> Task directions: For the material below, reproduce exactly each line from the one that has "近日,铭达园林承建沧州市黄骅贝壳湖草白玉石雕栏杆顺利完工并交付甲方使用。" through the one that has "By clicking on", and no others; pictures stay out.

> Data extract:
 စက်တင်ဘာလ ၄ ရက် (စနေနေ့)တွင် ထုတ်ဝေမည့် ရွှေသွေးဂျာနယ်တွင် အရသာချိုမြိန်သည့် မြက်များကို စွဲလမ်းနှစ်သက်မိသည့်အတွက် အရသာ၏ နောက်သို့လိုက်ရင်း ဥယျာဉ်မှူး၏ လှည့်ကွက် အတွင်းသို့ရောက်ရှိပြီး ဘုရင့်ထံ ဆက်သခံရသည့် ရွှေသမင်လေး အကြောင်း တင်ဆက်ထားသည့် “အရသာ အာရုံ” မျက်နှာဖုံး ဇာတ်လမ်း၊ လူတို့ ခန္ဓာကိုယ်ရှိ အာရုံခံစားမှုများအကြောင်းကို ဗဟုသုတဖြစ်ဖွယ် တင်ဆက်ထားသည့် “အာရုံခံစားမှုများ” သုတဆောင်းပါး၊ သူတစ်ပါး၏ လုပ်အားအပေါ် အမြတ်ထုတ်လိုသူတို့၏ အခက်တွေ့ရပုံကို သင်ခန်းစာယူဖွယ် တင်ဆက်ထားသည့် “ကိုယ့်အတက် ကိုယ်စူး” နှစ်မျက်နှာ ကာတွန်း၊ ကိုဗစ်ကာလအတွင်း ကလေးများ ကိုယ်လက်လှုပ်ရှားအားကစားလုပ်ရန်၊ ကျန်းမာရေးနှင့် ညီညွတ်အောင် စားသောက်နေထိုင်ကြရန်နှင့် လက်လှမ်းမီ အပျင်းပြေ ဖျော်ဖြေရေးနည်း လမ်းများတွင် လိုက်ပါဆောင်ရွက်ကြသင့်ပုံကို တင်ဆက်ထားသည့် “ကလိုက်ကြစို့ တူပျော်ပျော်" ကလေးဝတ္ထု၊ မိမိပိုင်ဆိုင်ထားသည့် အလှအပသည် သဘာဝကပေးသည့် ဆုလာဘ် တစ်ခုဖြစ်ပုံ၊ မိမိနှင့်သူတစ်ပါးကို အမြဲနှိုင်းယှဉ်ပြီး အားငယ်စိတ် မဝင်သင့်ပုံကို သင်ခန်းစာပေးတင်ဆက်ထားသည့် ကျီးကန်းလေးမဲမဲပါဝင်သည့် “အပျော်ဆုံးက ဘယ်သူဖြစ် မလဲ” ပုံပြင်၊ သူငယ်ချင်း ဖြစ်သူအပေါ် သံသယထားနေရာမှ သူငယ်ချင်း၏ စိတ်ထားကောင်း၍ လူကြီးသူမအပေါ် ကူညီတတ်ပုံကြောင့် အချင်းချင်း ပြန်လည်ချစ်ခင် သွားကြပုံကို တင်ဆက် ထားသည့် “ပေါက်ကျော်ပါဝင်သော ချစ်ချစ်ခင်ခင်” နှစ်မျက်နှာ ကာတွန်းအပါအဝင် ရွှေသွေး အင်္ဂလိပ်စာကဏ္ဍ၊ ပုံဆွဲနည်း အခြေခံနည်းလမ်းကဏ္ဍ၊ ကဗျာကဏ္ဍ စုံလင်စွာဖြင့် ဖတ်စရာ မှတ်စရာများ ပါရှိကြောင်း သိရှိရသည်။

* * *

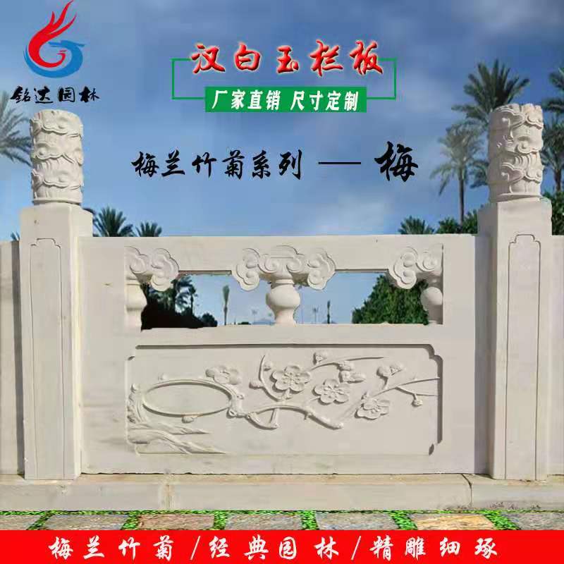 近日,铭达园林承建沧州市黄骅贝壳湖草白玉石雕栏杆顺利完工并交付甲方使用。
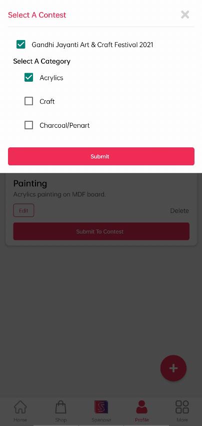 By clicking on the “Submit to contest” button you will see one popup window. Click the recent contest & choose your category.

==

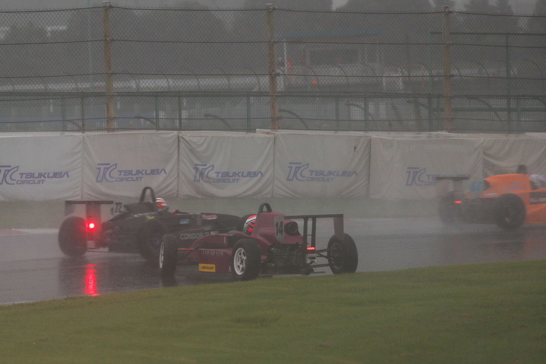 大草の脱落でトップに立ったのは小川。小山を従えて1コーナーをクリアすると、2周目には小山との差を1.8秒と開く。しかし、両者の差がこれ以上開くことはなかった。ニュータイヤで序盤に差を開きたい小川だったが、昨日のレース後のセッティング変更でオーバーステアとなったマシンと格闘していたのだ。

> Response to the task:
 近日,铭达园林承建沧州市黄骅贝壳湖草白玉石雕栏杆顺利完工并交付甲方使用。
 By clicking on the “Submit to contest” button you will see one popup window. Click the recent contest & choose your category.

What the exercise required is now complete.